• [Assignment] The pictures are to be left out, and all remaining data is to be transcribed exactly as it appears.

• [Data provided]
┌────────

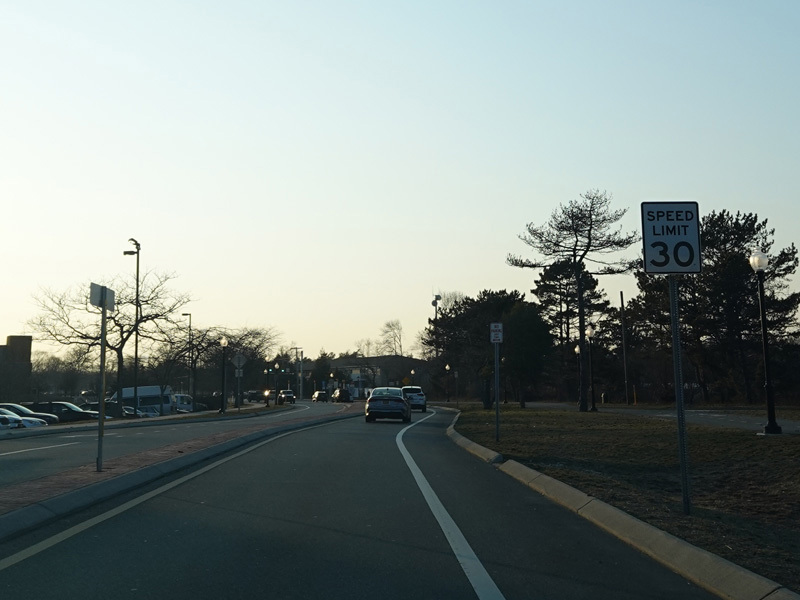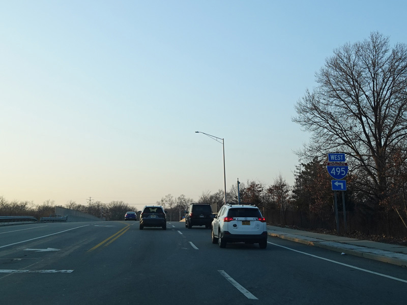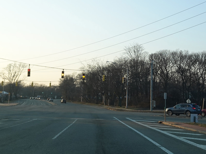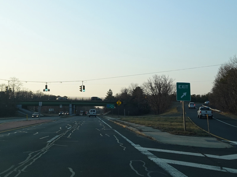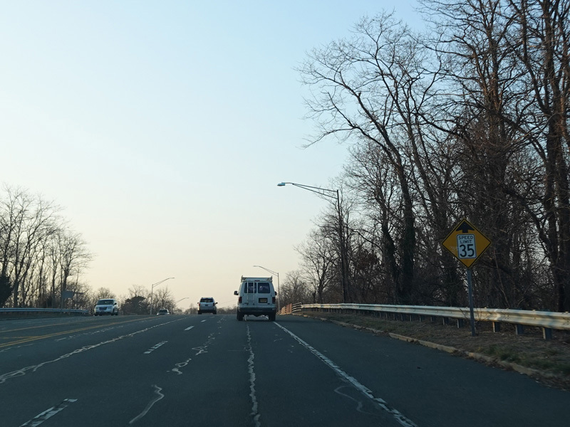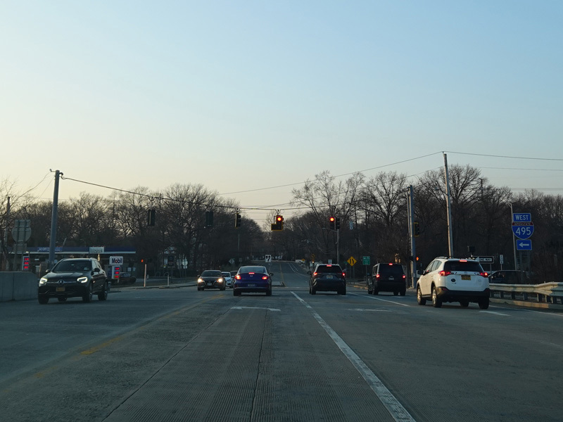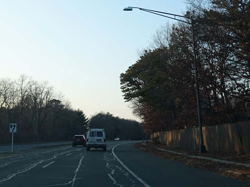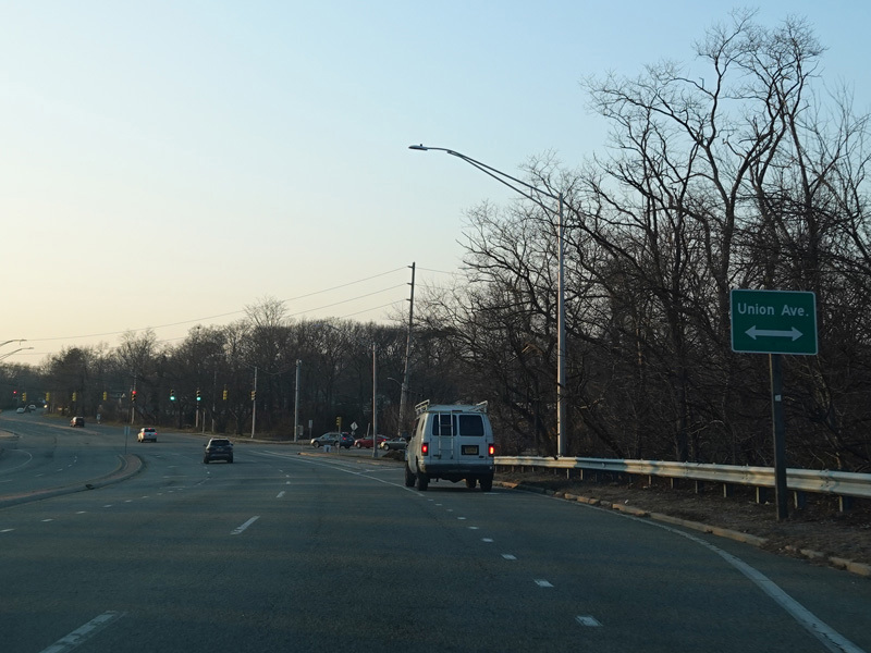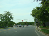 Waverly Avenue runs northwest as a four-lane road. After a short distance, it becomes a divided highway.
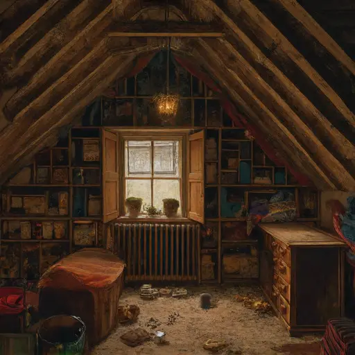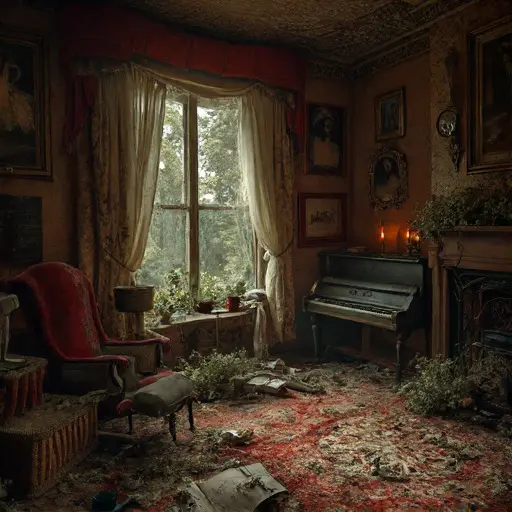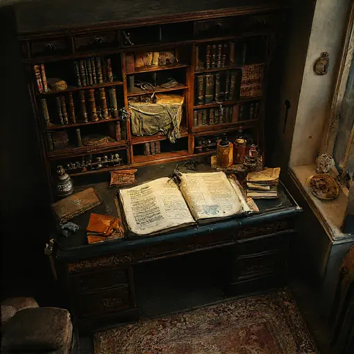 The parlour’s air carries the softened scent of dried ink, old fabric, and the subtle mineral quiet of long-settled dust. Nothing feels abrupt. Wynthorlen House appears to have paused on a routine day, its inhabitants expecting to return at any moment.
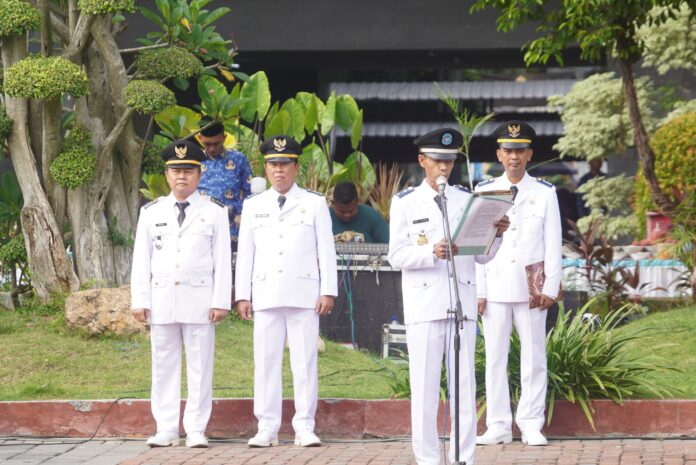 Bupati Lamongan Yuhronur Efendi bertindak sebagai Inspektur Upacara memimpin pelaksanaan Upacara Peringatan Hari Otonomi Daerah (Otoda) Ke-XXX Tahun 2026 pada Senin (27/4), di Halaman Pemkab Lamongan.

└────────

• [Your response]
 Waverly Avenue runs northwest as a four-lane road. After a short distance, it becomes a divided highway.
 The parlour’s air carries the softened scent of dried ink, old fabric, and the subtle mineral quiet of long-settled dust. Nothing feels abrupt. Wynthorlen House appears to have paused on a routine day, its inhabitants expecting to return at any moment.
 Bupati Lamongan Yuhronur Efendi bertindak sebagai Inspektur Upacara memimpin pelaksanaan Upacara Peringatan Hari Otonomi Daerah (Otoda) Ke-XXX Tahun 2026 pada Senin (27/4), di Halaman Pemkab Lamongan.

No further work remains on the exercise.